I took pics to give you all an idea as everyone I have talked to and everything I have searched thinks this is ich which to me it obviously is not! 

http://www.fishforums.com/forum/album.php?albumid=423

This started when I went to petsmart a few weeks ago and bought a driftwood with a plant on it. I dont know what the plant is, but it is a small little thing attached to the wood. The plant is still alive and appears to be doing pretty well. SO a few days after buying this wood I noticed a few of these dots appearing around a hole at the top of the driftwood. (the three nerites are often on this wood btw) So its getting creepy because these things are appearing everywhere and no-one can tell me what they are. People have said they are daphnia but these are too big and they do not move. They just somehow multiply. Which I never actually see either I just end up finding more scattered around my tank. If I try and remove them is takes effort. We are talking getting my hand in and scraping them off with a finger nail. And even then it is hard. They leave behind a white residue where they were once removed. I am beginning to suspect these are not nerite eggs because some of the places where I am finding them seem like a place that would be hard for a nerite to get to. Not impossible but difficult..

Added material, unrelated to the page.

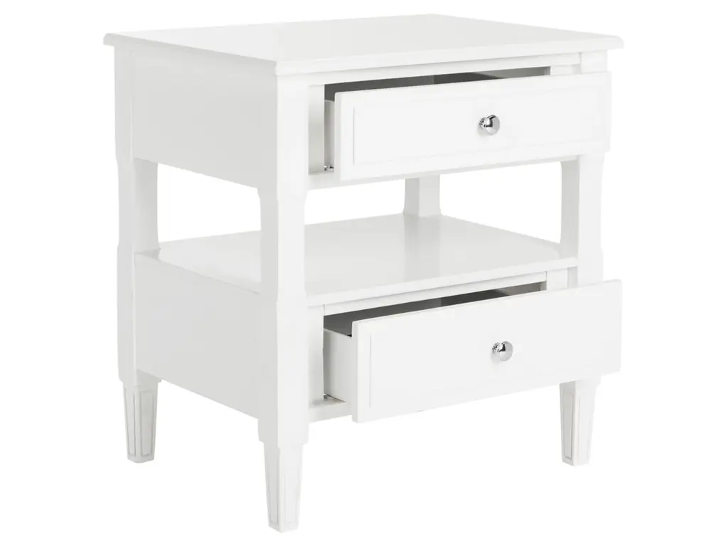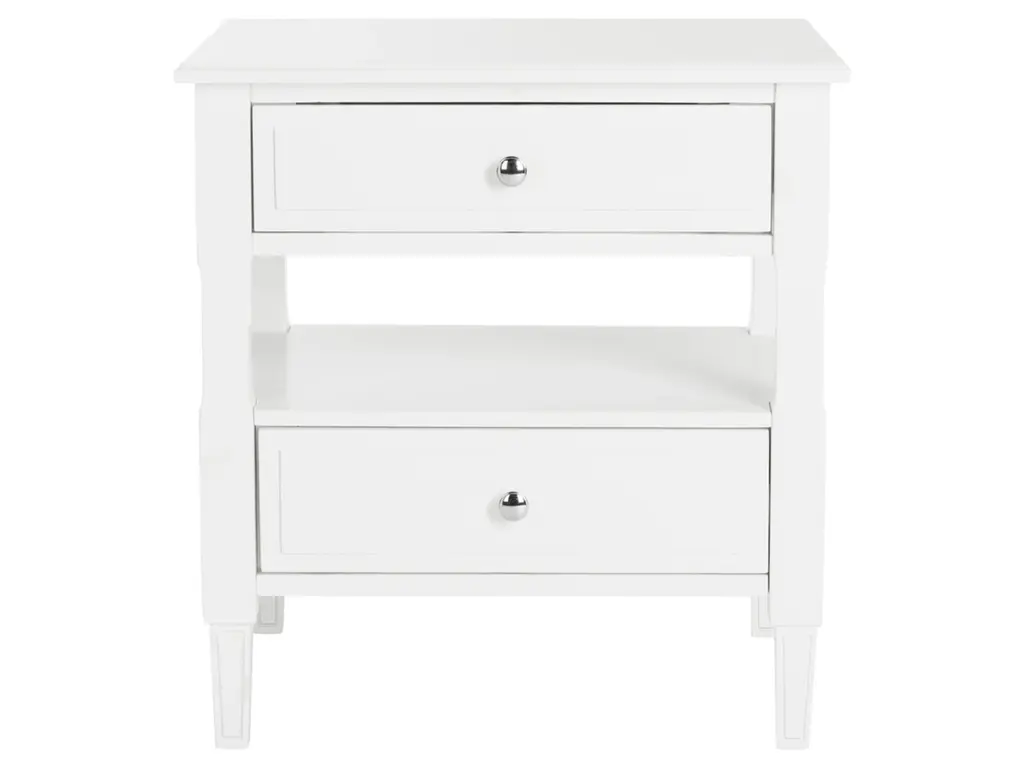 An impromptu retreat to the heart of Burgundy inspired the Jenson two-drawer nightstand. A fine iteration of French country living, this transitional piece showcases delicately crafted wood detail on its legs. Stylish silver pulls elevate the white finish. Drawers add layers of storage space.

SO can anyone offer up some insight? I am really getting worried.


----------



## noahhill (Jul 31, 2010)

It looks like snail eggs to me .


----------



## TheOldSalt (Jan 28, 2005)

You might need a microscope for this one. They might be eggs, but they might be freshwater foraminiferan-type critters. They could also be fungus globs.


----------



## Corwin (May 23, 2010)

they look just like nerite eggs to me, though i agree it could be difficult for a nerite to lay an egg on a plant thats lighter than it without trampling the plant . Honestly i agree with ToS go pick up a microscope (or better yet borrow one) and take a look at em.


----------